Lawrence second-graders learn about the body from the inside out on district field trip

Lawrence volunteer Jenn Godar asks a question of a student as she leads a five-minute class on the human mouth from within the Body Venture tour to a group of Quail Run second-graders on Thursday, May 18, 2017 at the Douglas County 4-H Fairgrounds. Local elementary school students received an inside look at the human body and its functions and were educated on the importance of taking care of their own bodies on the hour-long tour.

Approximately 800 Lawrence second-graders have made the journey this week to the Douglas County Fairgrounds — and also, through the human digestive system, in a districtwide field trip called “Body Venture.”

The main draw at the second annual Lawrence Public Schools event, Denise Johnson says, has traditionally been the “Body Venture” exhibit, which invites kids to enter through a giant model of the human mouth before traveling through larger-than-life organs, such as the heart or small intestines.

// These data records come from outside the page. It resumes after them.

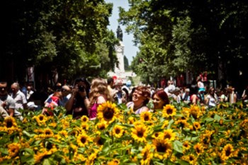 A Avenida da Liberdade está repleta, e desta vez não são os carros que entopem a principal artéria de Lisboa. São os burros e os girassóis, os canteiros de salsa e as oliveiras. E gente, milhares de pessoas.
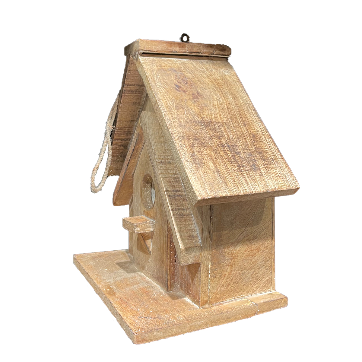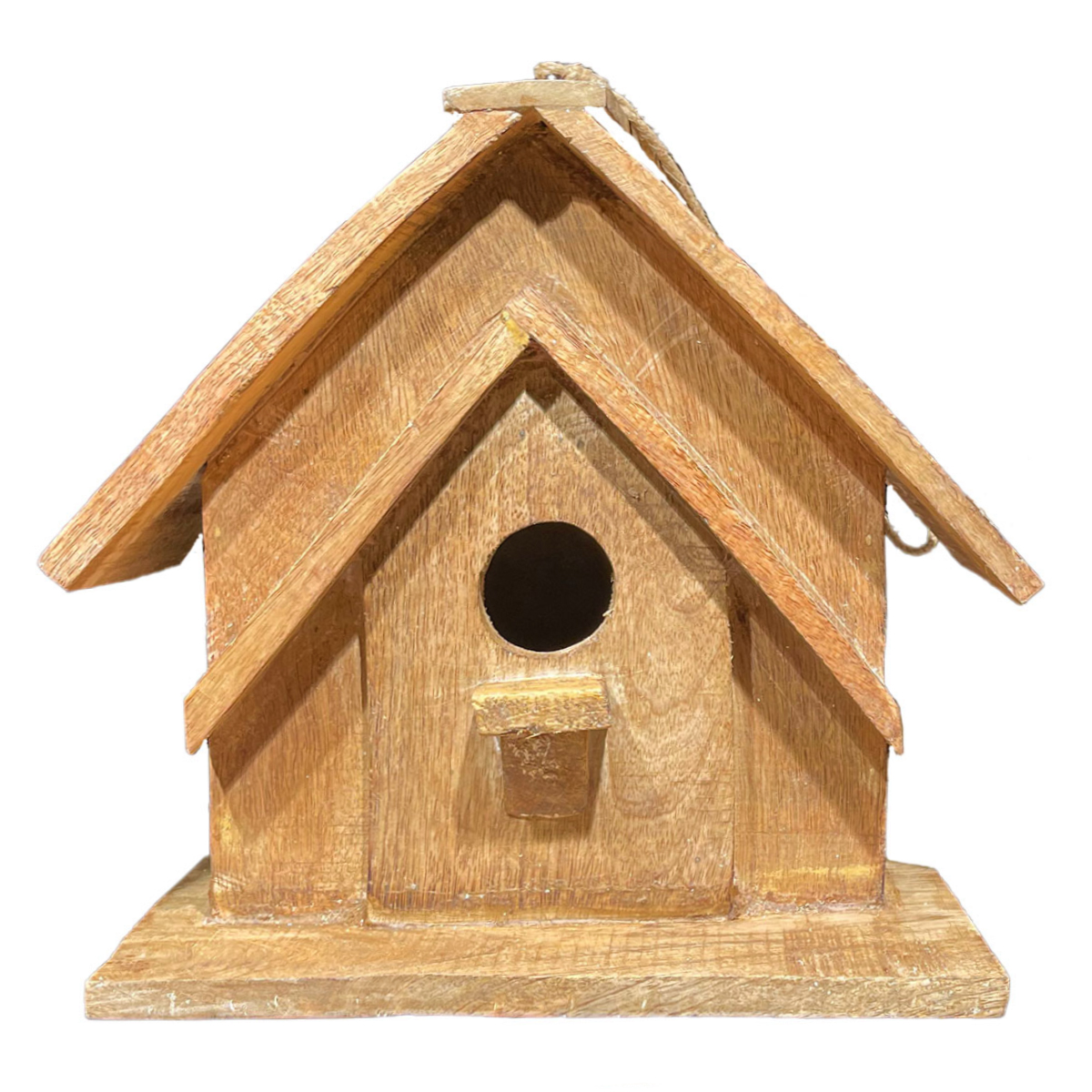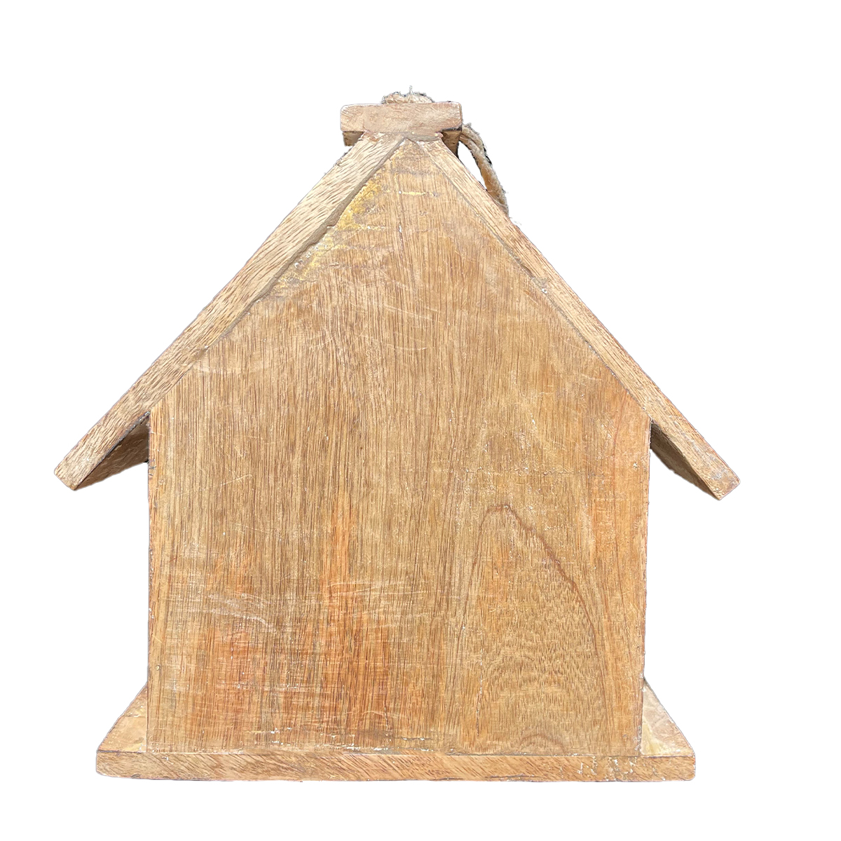 Deko Vogelhaus Natur, Holzhaus aus massivem Mangoholz, zum Hängen oder Stellen, 29cm
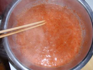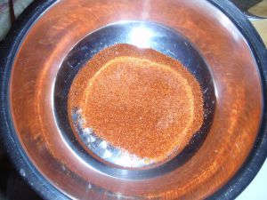 辣椒面放在没有水的盆里(一定要把盆擦干)。
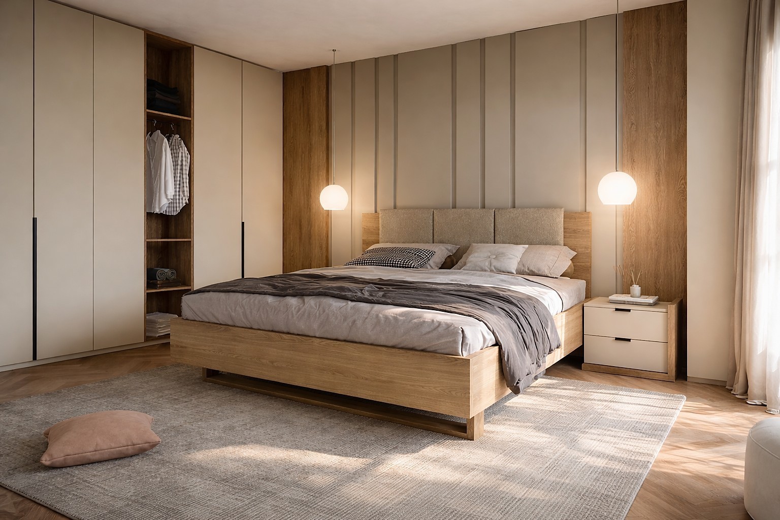 Drevená posteľ na vyššej podnoži s čalúneným čelom ponúka odľahčený dizajn a originálny vzhľad. Umožňuje jednoduché upratovanie a je ideálna do spálni s podlahovým kúrením. Posteľ sa vyrába aj v prevedení s úložným priestorom.
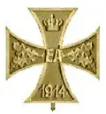 The Brunswick War Merit Cross (German: Braunschweigisches Kriegsverdienstkreuz)[1] also known as the Ernst-Augustkreuz, was a military decoration of the Duchy of Brunswick. The Cross was established 23 October 1914 by Ernest Augustus, Duke of Brunswick. The cross was awarded to all ranks for distinction in war. On 20 March 1918, a first class of the Cross was created in pinback form, with the existing Cross becoming the second class. This brought the Cross in line with awards of other German States like Prussia with the Iron Cross. The cross was awarded on a blue ribbon with yellow stripes for combatants and on a yellow ribbon with blue stripes for non-combatants.
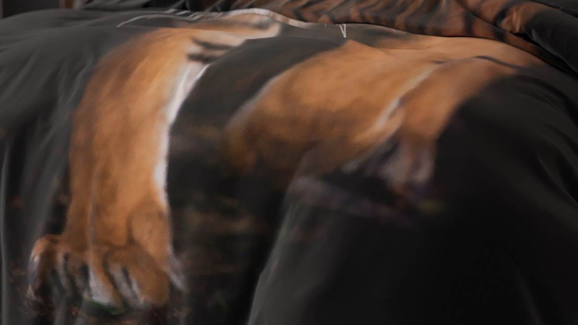 Een prachtige tijger sluipt naar je toe op het Sleeptime Tiger Icon dekbedovertrek. Het wilde dier komt fantastisch uit op de zwarte ondergrond wat de print een mysterieuze touch geeft. De bijbehorende kussenslopen zijn voorzien van dezelfde print voor een stijlvol geheel.
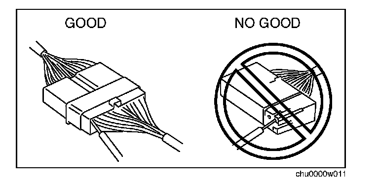 Caution: To prevent damage to the terminal, wrap a thin wire around the tester probe before inserting into terminal.
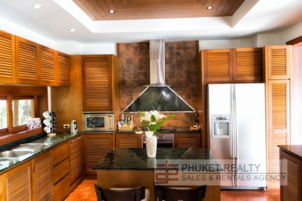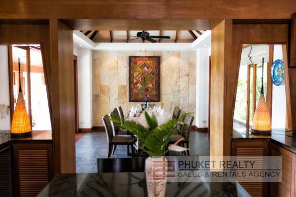The villa’s stylish living room brims with vibrant silks, statues and works of art, and is furnished with an earth-toned water hyacinth sofa set under a peaked, wood-beam ceiling. Opening fully out to the pool terrace, this is an inviting place to escape the afternoon heat, relax and enjoy the state-of-the-art surround-sound entertainment system, which is also connected to outdoor speakers along the eaves. Next to the living area, and also open to the pool terrace, the dining room is furnished with an elegant wood and rattan table for 10 guests. Its vaulted ceiling, textured sandstone wall and beautiful teakwood and slate floor lend an added sense of grandeur. Sharing this open-plan room is the warm and welcoming kitchen, designed with forest-green granite worktops, wooden cabinetry and smart stainless steel appliances.
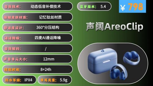先看戴起来舒不舒服,稳不稳定。单只耳机的重量,最好控制在5.3克以下。耳夹的材质,要优先选钛合金、记忆钢丝搭配软硅胶的。这样既能适合不同的耳朵形状,又能保证戴很久也不压耳朵,运动的时候也不会滑落。
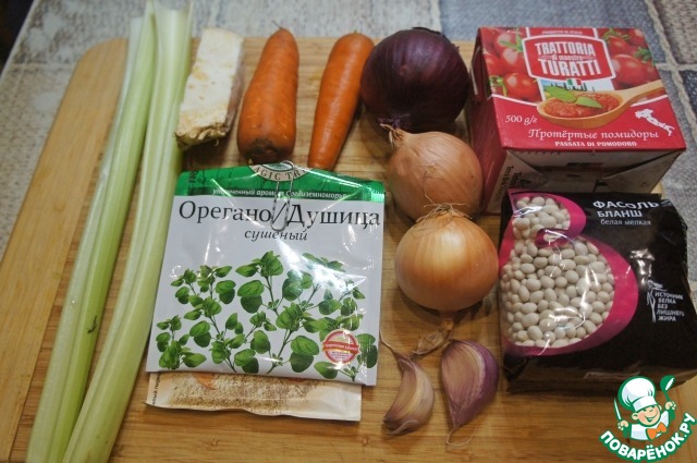 Фасоль замочить на ночь (можно взять банку консервированной белой фасоли (400 г), слив предварительно жидкость и промыв холодной водой).
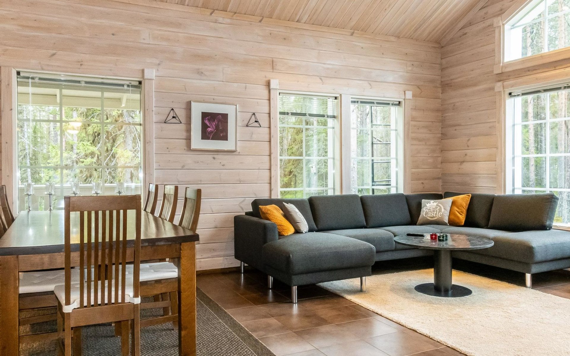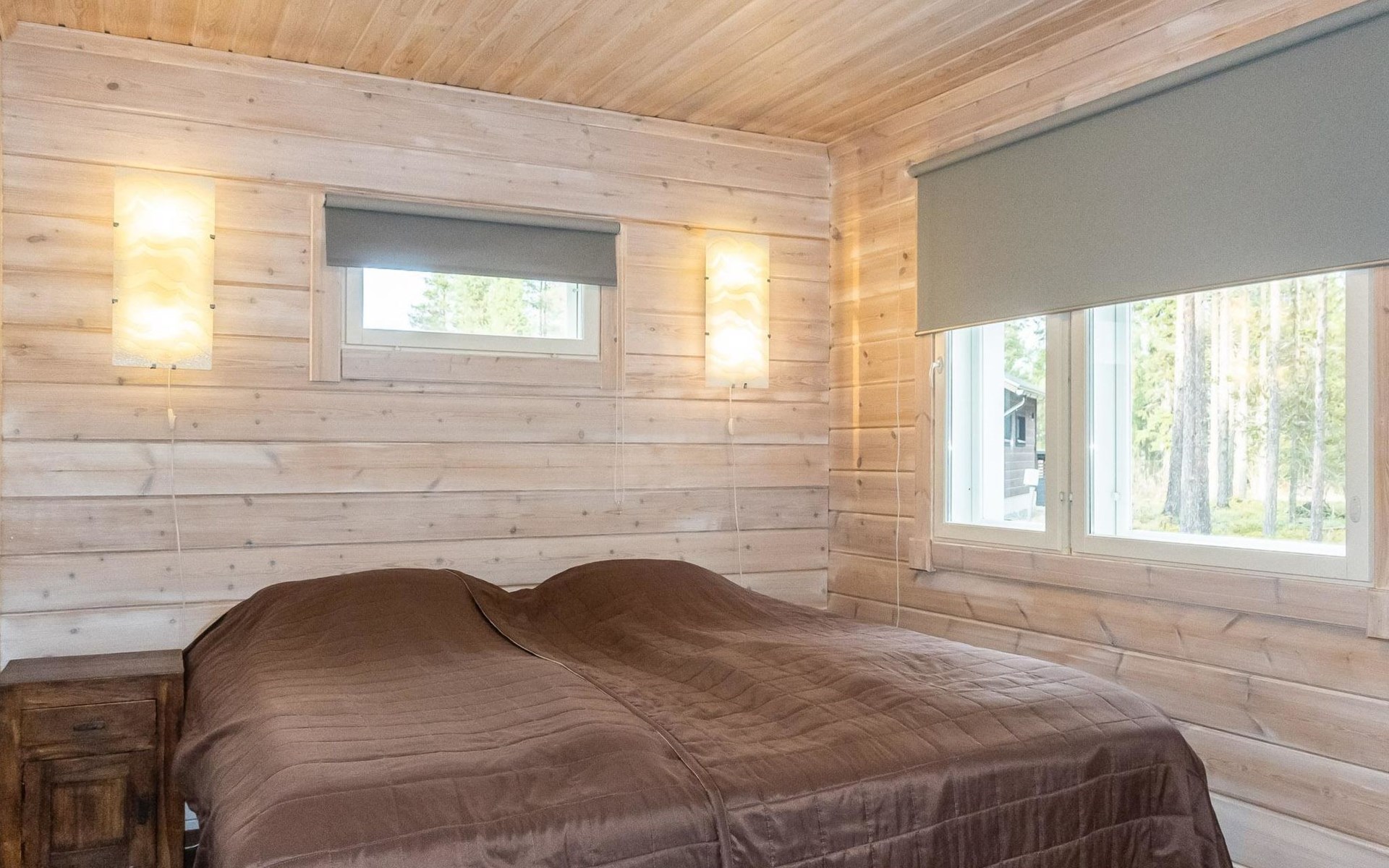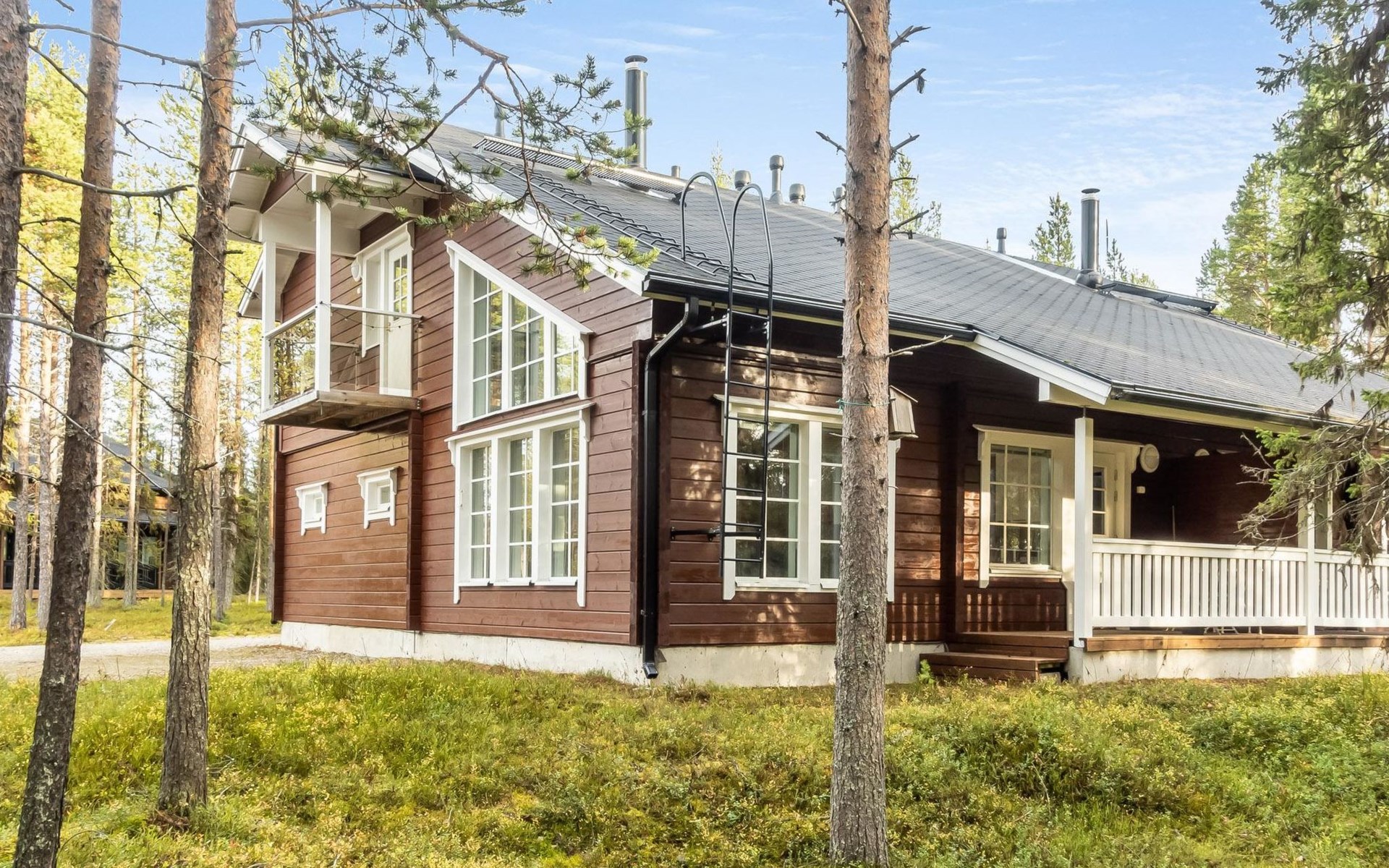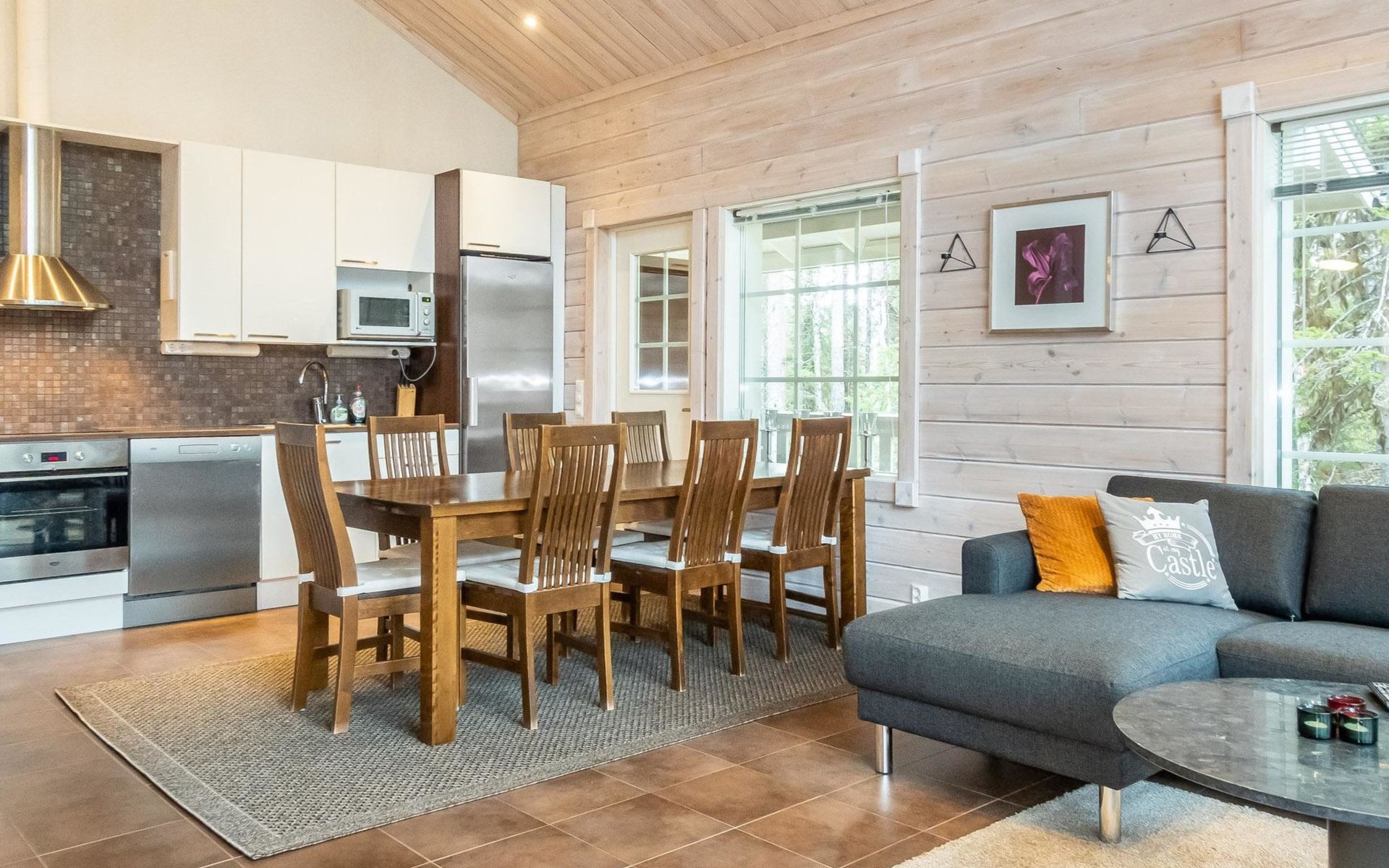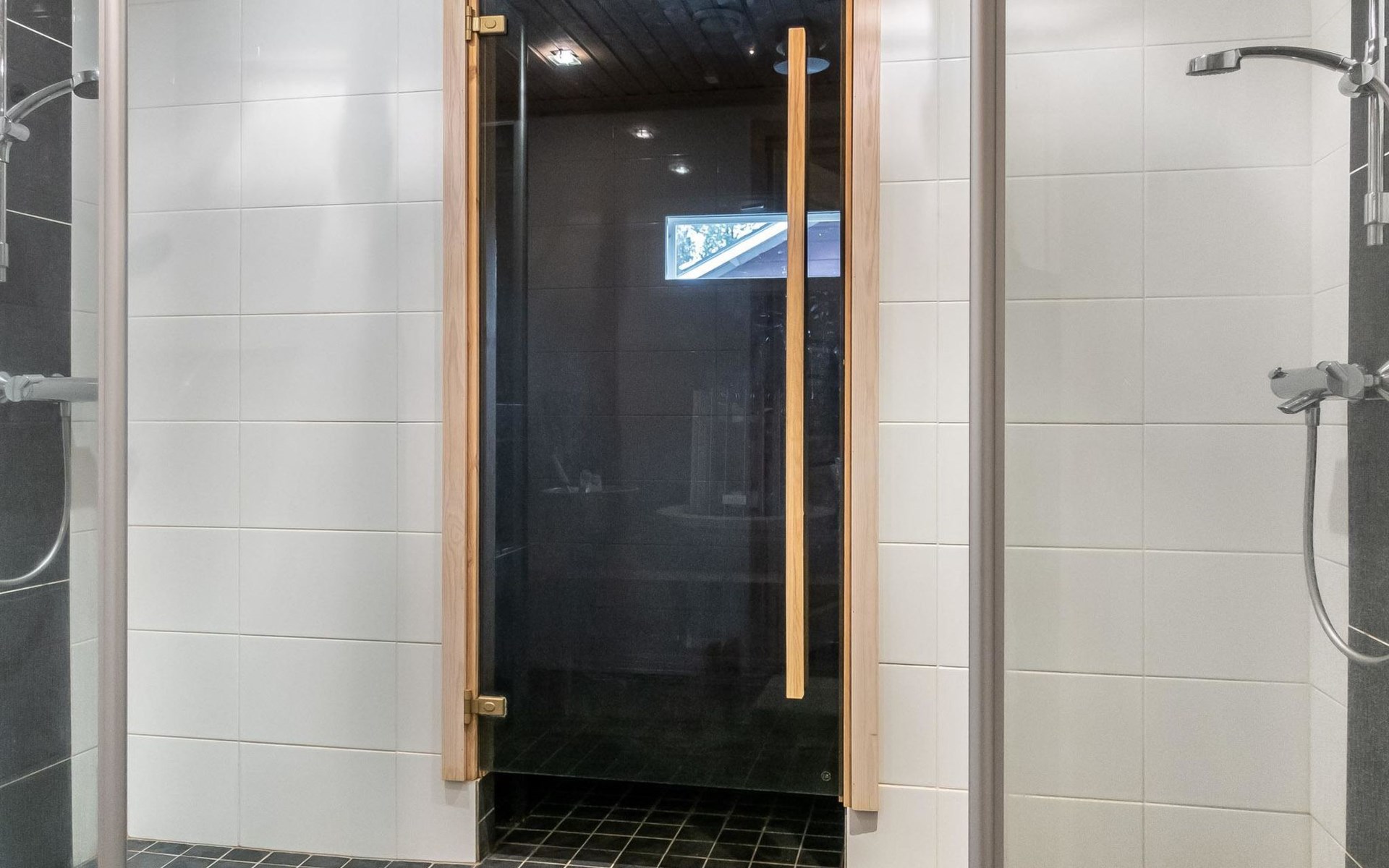 Downstairs: living room/kitchen, bedroom with double bed, sauna (electric stove), washroom (2 showers), utility room, hall, WC and porch.

“When you teach nutrition and wellness and health for students, it needs to be about being active and participating in it — and not just learning from a book,” says Johnson, who coordinates the Lawrence district’s health and wellness curriculum.

A tour of students head past the uvula and into the throat of the Body Venture tour on Thursday.

The event, which expanded last year from a traveling exhibit at a few local schools to a districtwide field trip for all second-graders across Lawrence’s 14 elementary schools, offers a holistic, hands-on approach to health education, Johnson says.

Along with the popular “Body Venture” exhibit, local partners such as Hy-Vee, The Merc, the Midwest Dairy Council and the K-State Research and Extension Office have all offered activities for kids throughout the week at the fairgrounds, focusing on topics including healthy eating, fitness and where food comes from. The district’s own Farm 2 School program, which facilitates school gardens across Lawrence, is also a major sponsor of the event.

For Quail Run second-graders Kamorah Beers and Tallulah Salb, the experience has been illuminating — in some cases, quite literally. At one station, the girls waved an ultraviolet device across their palms, revealing all the bacteria that can collect on our hands.

“After you use the restroom, just wash your hands and clean them off,” Kamorah says of what she learned from the activity. “That’s what my uncle does. He makes us not touch Kwik Shop doors sometimes, because people don’t clean them off sometimes.”

Kamorah already knows the importance of good hygiene — “sometimes I just use a tissue,” she says of dubious public restroom door handles — but Thursday’s blacklight fun helped solidify those habits, she says.

Her classmate, Tallulah, agrees. She says eating healthy and exercising allows kids to “do cool stuff,” like “growing strong and big.”

In order to do that, the girls learned, it’s best to limit screen time — TVs, phones, computers and tablets — to no more than two hours a day. That’s time better spent exercising, Tallulah and Kamorah agree.

“That was actually a really good lesson for me, because I haven’t played on my tablet for about a week,” Kamorah says, though, to be fair, she admits the scaling back wasn’t particularly health-motivated.

“I don’t know where my charger’s at,” the second-grader says with a smile.